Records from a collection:
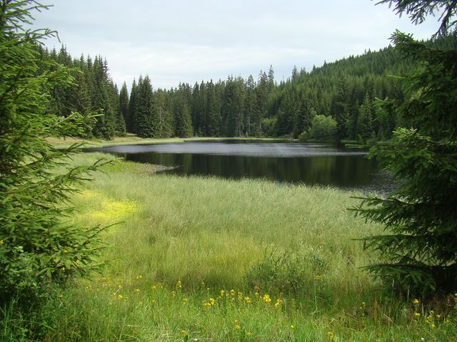 Pátek 20. července byl posledním dnem pro objevitelské toulky Šumavou, a tak jsme neváhali a okamžitě po snídani vyfuněli na Knížecí Pláně a odtud zamířili na Žďárecké jezírko vybrat si odměnu za všechna stoupání.
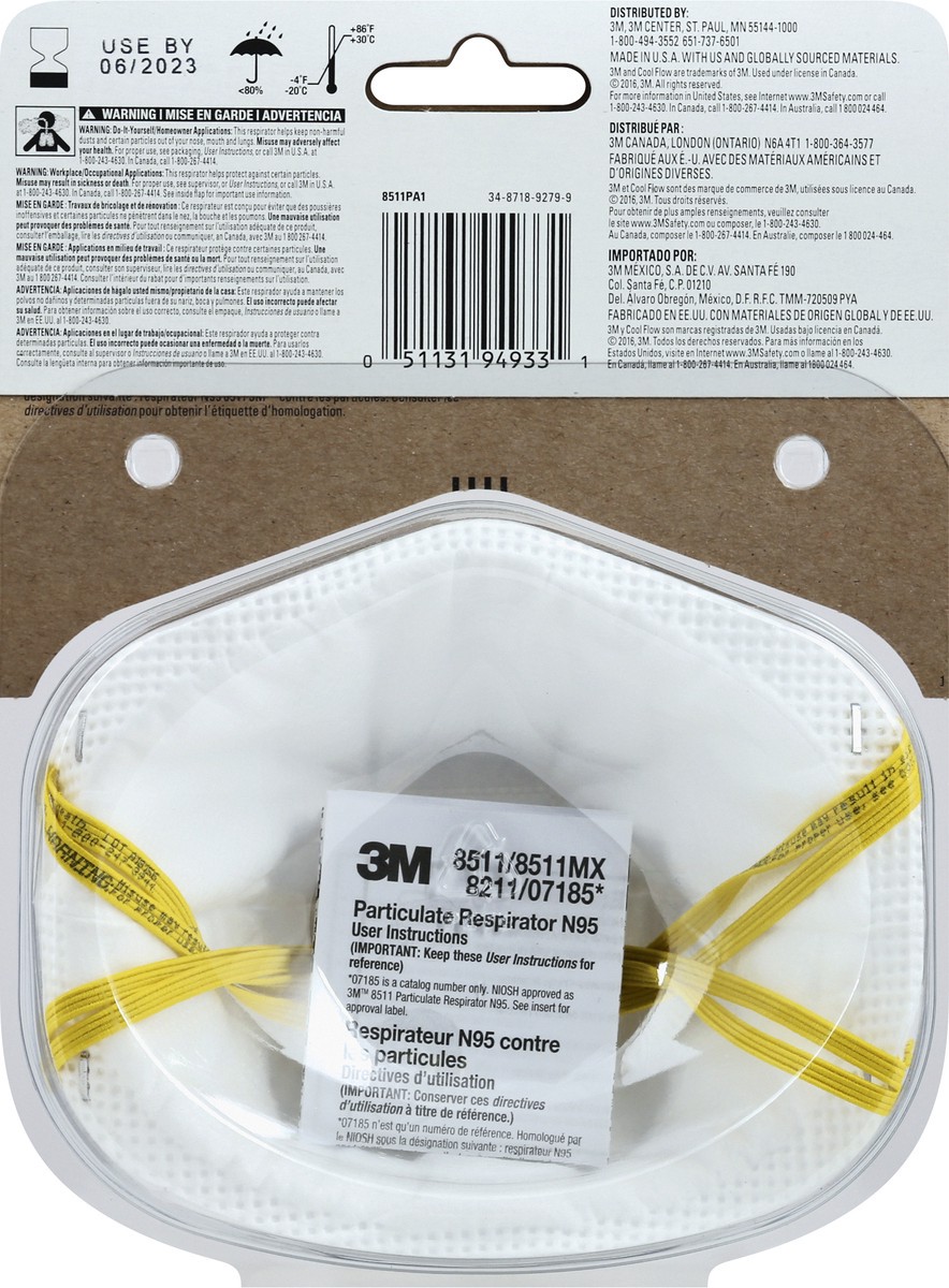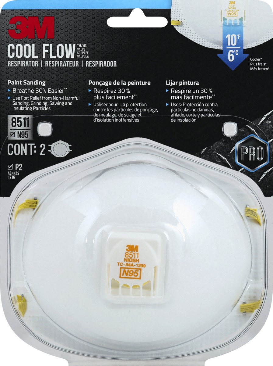 3M 8511 NIOSH. TC-84A-1299. N95. 10 degrees F. 6 degrees C. Cooler (Compared to 3M inside respirator temperature based on 3M lab testing in 2010 and 2011). Paint Sanding: Breathe 30% easier (Compared …
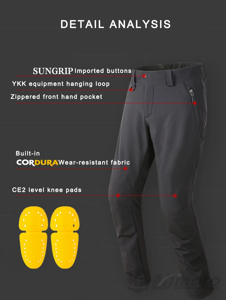 Equipped with CE2 hip and knee protective pads, these pants provide enhanced safety during rides, safeguarding against potential injuries.
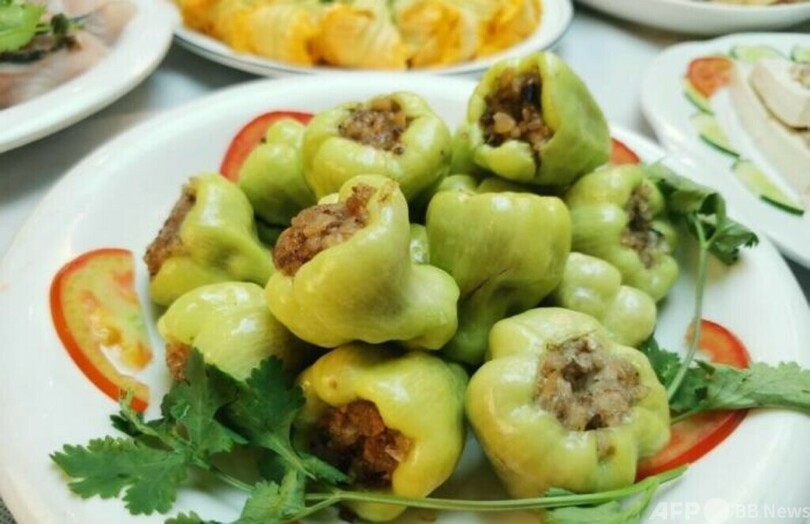 蘇さんの調理法は、もち米を鍋で炊き、刻んだ豚バラ肉、カリカリに挽いたピーナツを混ぜるか、ベーコンまたは塩漬けの魚を加えて鍋でソテーし、皮の厚い野菜の葉で包む。さらに鍋に油とニンニクのみじん切りを入れて香りが出るまで炒め、野菜の包みと水少々を加えて火が通るまで煮る。こうして醸した野菜は香ばしくてモチモチした食感が食欲をそそるという。(c)CNS/JCM/AFPBB News
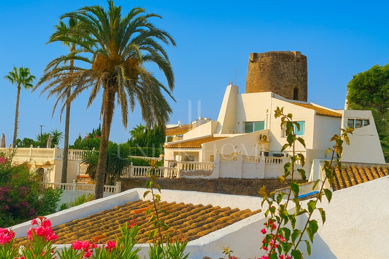 Set in the picturesque frontline beach community of Bahia Dorada, just a few minutes west of Estepona, this extraordinary home offers the rare privilege of walking straight from your garden onto the Mediterranean shore. Recently renovated while preserving its original 1970s character, the villa blends authentic charm with modern living comfort.
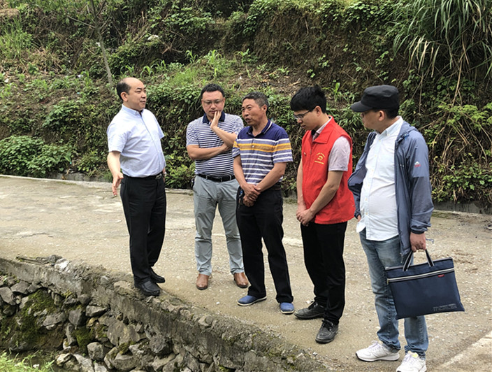 当天上午,在指挥部及村有关负责同志的引导下,朱思刚一行深入中心对口帮扶点关兴村进行走访,来到村庹家店组通组路旁,实地察看周围农户因养猪产生的污水无法排放导致当地村民身体健康隐患等情况。了解到实际困难后,朱思刚指出要针对问题,精准施策,发现问题、解决问题,并表示将从省血液中心紧张的公用经费中划拨经费一万元,用于就近修建化粪池,彻底解决因无下水道导致污水横流、蚊子苍蝇等害虫滋生的问题。随后,走进养鸡场,详细了解该养殖项目建设、饲养及收入等产业项目发展的具体情况。
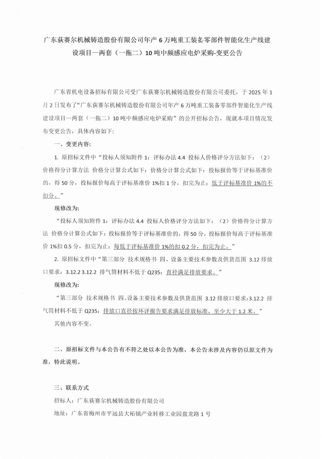 广东荻赛尔机械铸造股份有限公司年产6万吨重工装备零部件智能化生产线建设项目—两套(一拖二)10吨 中频感应电炉采购-变更公告
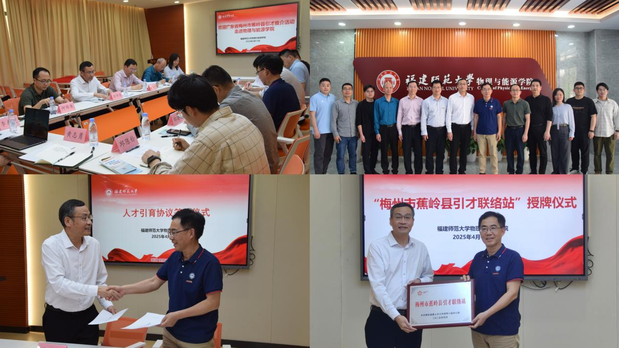 415日,物理与能源学院举行“校地合作·英才汇聚”交流活动暨“蕉岭县引才联络站”授牌仪式。蕉岭县委常委、组织部部长谢伟传,常务副部长涂永平一行,学院党委书记林玉辉、副书记阮学旺以及相关人员参加活动。
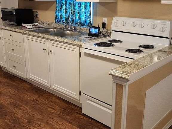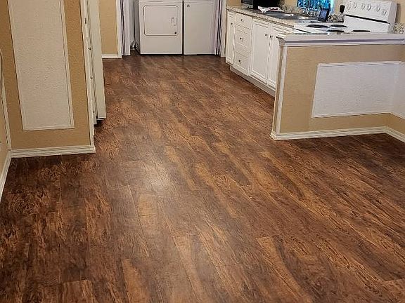 Totally renovated 2 brm 1 full bath with indoor laundry rm with washer and dryer. New laminated flooring, freshly painted. Lot rent is only $589 base. Add water, sewer etc. NO neighbors in rear of home. Backyard patio for grilling . Picnic table stays as well as security cameras. Smaller dog permitted. Great and friendly management. Ask for Mary Narucki to see this home.
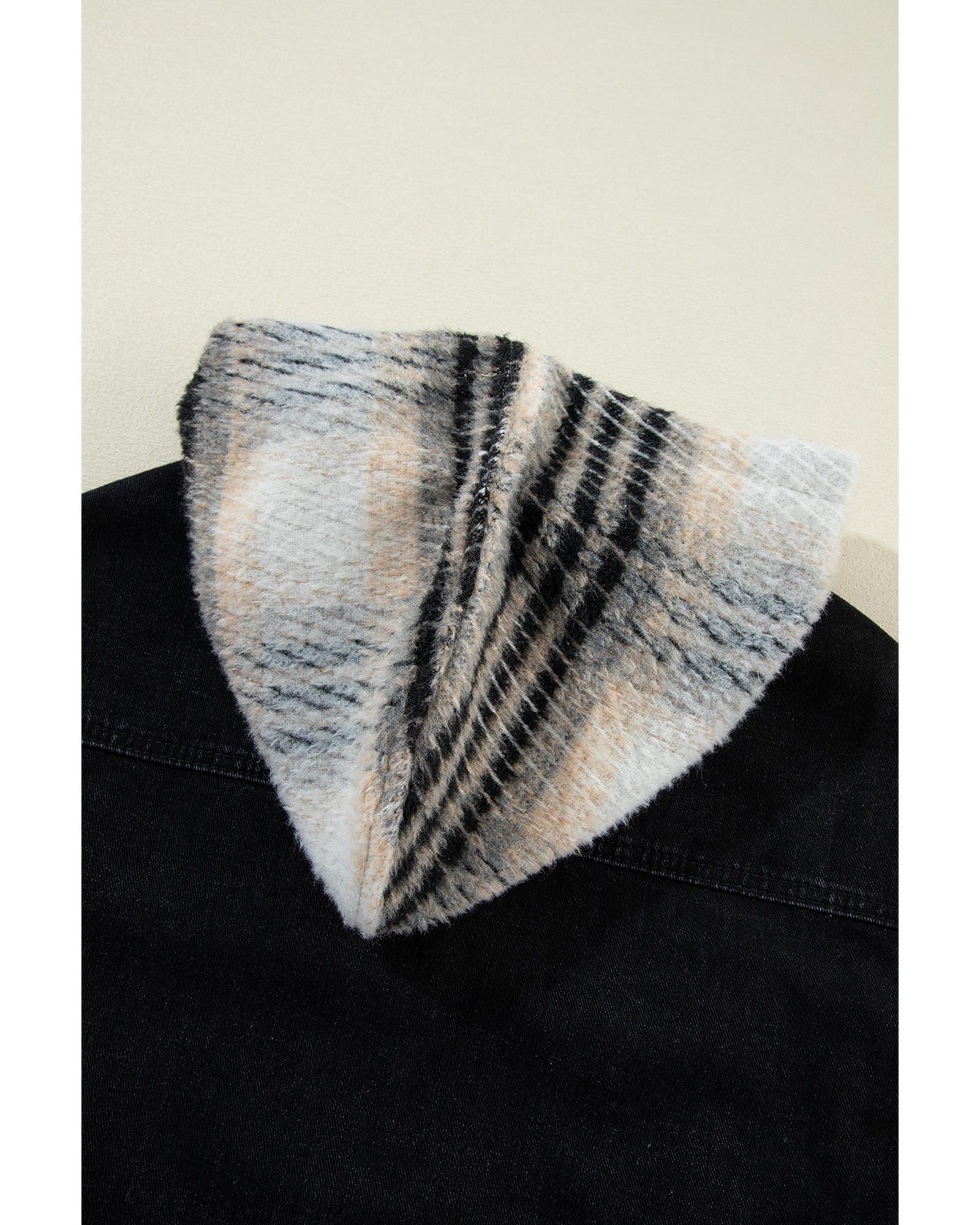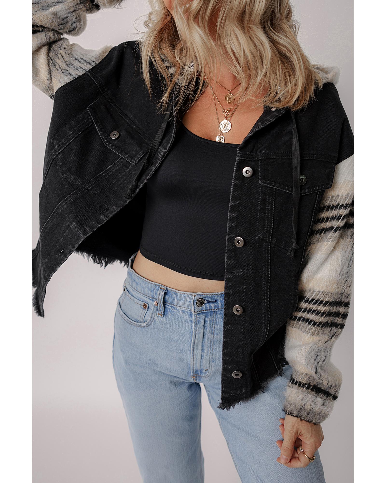 - Black Plaid Sleeve Frayed Hem Hooded Denim Jacket
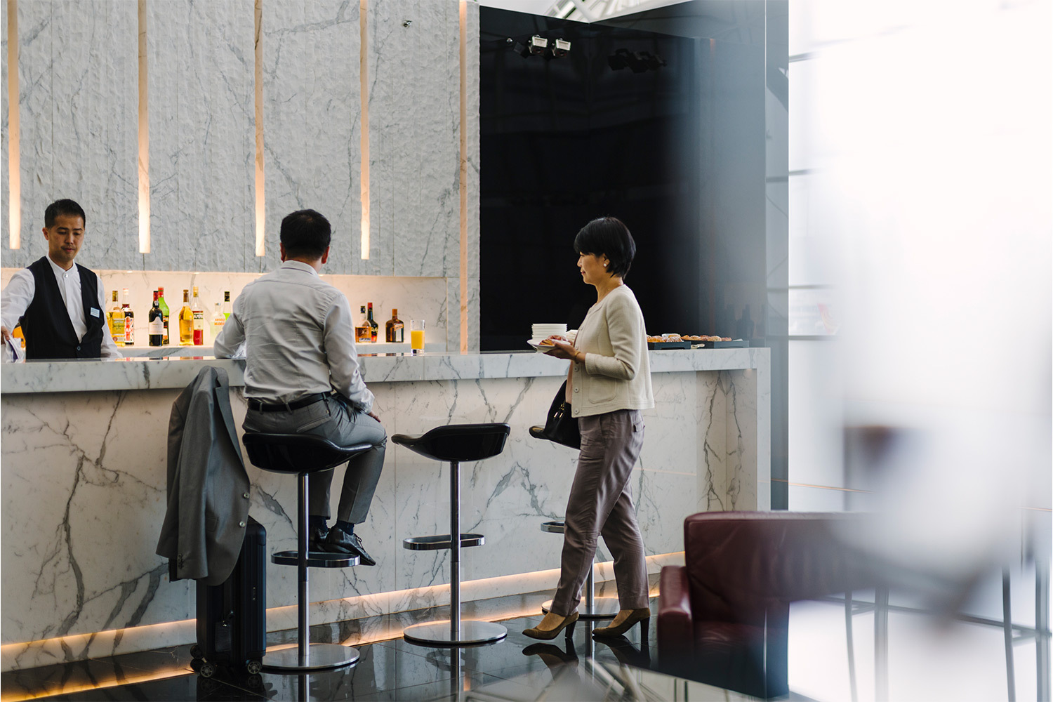 Гонконгский аэропорт — редкий случай, когда одна авиакомпания предлагает два совершенно разных способа провести время до вылета. The Wing — светлое, открытое пространство с рестораном The Haven и закрытыми спа-кабинами: душ, кушетка, полный уход — как в городском спа, только с посадочным талоном в кармане. The Pier существует в другой тональности — это лаунж для тех, кто хочет тишины: индивидуальные сьюты с кушетками, приглушенный свет и массажист по запросу.

EXERCISE INSTRUCTIONS: Exact copy, pictures excluded: from the line with "Set in the picturesque" up to and including the line with "415日,物理与能源学院举行" in the data above.

YOUR SOLUTION:
 Set in the picturesque frontline beach community of Bahia Dorada, just a few minutes west of Estepona, this extraordinary home offers the rare privilege of walking straight from your garden onto the Mediterranean shore. Recently renovated while preserving its original 1970s character, the villa blends authentic charm with modern living comfort.
 当天上午,在指挥部及村有关负责同志的引导下,朱思刚一行深入中心对口帮扶点关兴村进行走访,来到村庹家店组通组路旁,实地察看周围农户因养猪产生的污水无法排放导致当地村民身体健康隐患等情况。了解到实际困难后,朱思刚指出要针对问题,精准施策,发现问题、解决问题,并表示将从省血液中心紧张的公用经费中划拨经费一万元,用于就近修建化粪池,彻底解决因无下水道导致污水横流、蚊子苍蝇等害虫滋生的问题。随后,走进养鸡场,详细了解该养殖项目建设、饲养及收入等产业项目发展的具体情况。
 广东荻赛尔机械铸造股份有限公司年产6万吨重工装备零部件智能化生产线建设项目—两套(一拖二)10吨 中频感应电炉采购-变更公告
 415日,物理与能源学院举行“校地合作·英才汇聚”交流活动暨“蕉岭县引才联络站”授牌仪式。蕉岭县委常委、组织部部长谢伟传,常务副部长涂永平一行,学院党委书记林玉辉、副书记阮学旺以及相关人员参加活动。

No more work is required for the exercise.